ドラマ「虎に翼」(NHK)で寅子(伊藤沙莉)と同時に高等試験司法科に合格した1年先輩の久保田聡子(小林涼子)と中山千春(安藤輪子)。そのモデルは三淵嘉子と共に初の女性弁護士になった久米愛と中田正子なのか。NHK解説委員の清永聡さんは「久米は弁護士として女性の権利擁護に尽くした。中田は戦時中、鳥取に疎開し、そこで女性初の弁護士会会長になった」という――。

※本稿は、清永聡『三淵嘉子と家庭裁判所』(日本評論社)の一部を再編集したものです。

寅子の先輩・久保田と中山のモデル? 明大出身の久米愛

久米愛は、女性で初めて弁護士となった3人の1人であり、戦後も弁護士として第一線で活躍。女性の権利擁護のため指導的な役割を果たす生涯を送った。

明治44年、大阪に生まれる。津田英字塾で英語を学び昭和8年に卒業するが、この年、弁護士法が改正されて、女性にも弁護士への道が開かれると知ると、今度は明治大学専門部女子部へ入学する。ともに高等試験司法科に合格した中田正子は、久米のことをこう書き記している。

「(久米さんは)度の強い縁なし眼鏡の奥に理知的なひとみが輝いていました。きりりとした身のこなしや態度に、最初はちよっと近づき難い感じもしましたが、話してみるととても親しみ深くユーモアも十分、持ち合わせていられて、すぐ仲良しになることができました」(婦人法律家協会会報一六号)

経歴から気の強い女性というイメージを持たれることもあったが、久米を知る人はその多くが、優しくさっぱりとした彼女の親しみやすい人柄を語っている。ある研究者は彼女のことを「ソーダ水」と呼んでいたという。その言動に胸のすく爽快さがあったためだ。

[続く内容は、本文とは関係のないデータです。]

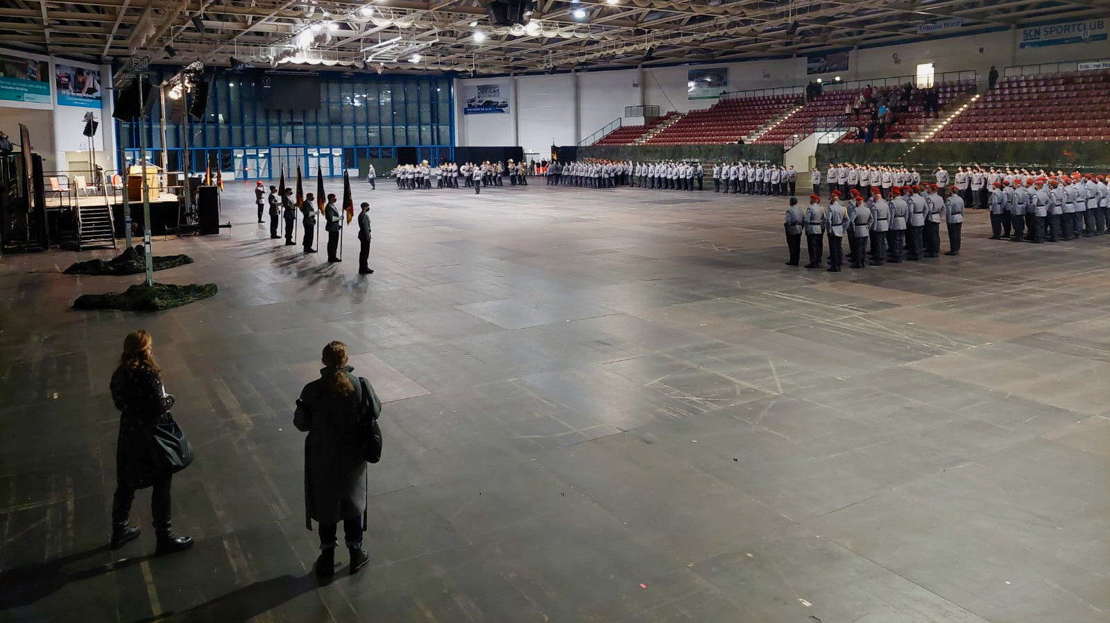 Es ist der Brigade eine Herzensangelegenheit, der Bevölkerung die Umstände der Pandemie zu erleichtern, sagte Nawrat im Neubrandenburger Jahnsportforum. In der riesigen Halle, in der sonst bis zu 5000 Zuschauer bei Konzerten Platz finden, fanden wegen der Beschränkungen nur etwa 240 Soldaten beim Appell zu 30 Jahren ihres Bestehens Platz, darunter das Heeresmusikkorps. Weniger als 100 Zuschauer saßen auf beiden Seiten der Halle. Für alle galt 2Gplus.

高等試験を受験する昭和13年1月、彼女は日立製作所に勤務する久米知孝と結婚する。知孝は北九州の工場に配属され、9月には軍隊へ召集された。

昭和16年、女性弁護士として初めて法廷に立つ

この年の11月、合格発表翌日の「東京日日新聞」には、3人の合格を伝える記事の見出しに「中に皇軍勇士の夫人も」とあった。これが久米のことである。修習を終えた久米は、丸の内にあった有馬忠三郎(戦後日弁連初代会長)の事務所で働くようになった。

画像=初の女性弁護士誕生を報じる『東京朝日新聞』、1938年11月2日付
画像=初の女性弁護士誕生を報じる東京朝日新聞、1938年11月2日付

「法律新報」という専門誌には、昭和16年9月に「我が裁判史上婦人弁護士最初の熱弁」という長文の法廷傍聴記事がある。登場する「婦人弁護士」は久米であった。担当したのは、29歳の女性が生後70日の実子を殺害した事件である。被告人は男から関係を求められ男児を出産するが、直後に別れ話を持ち出され、子どもと心中しようと犯行に及んだという。

主任は男性弁護士で、久米は補助役であった。それでも9月17日の2回目の法廷は久米が弁論を読み上げるとあって、傍聴希望者で法廷は満席だった。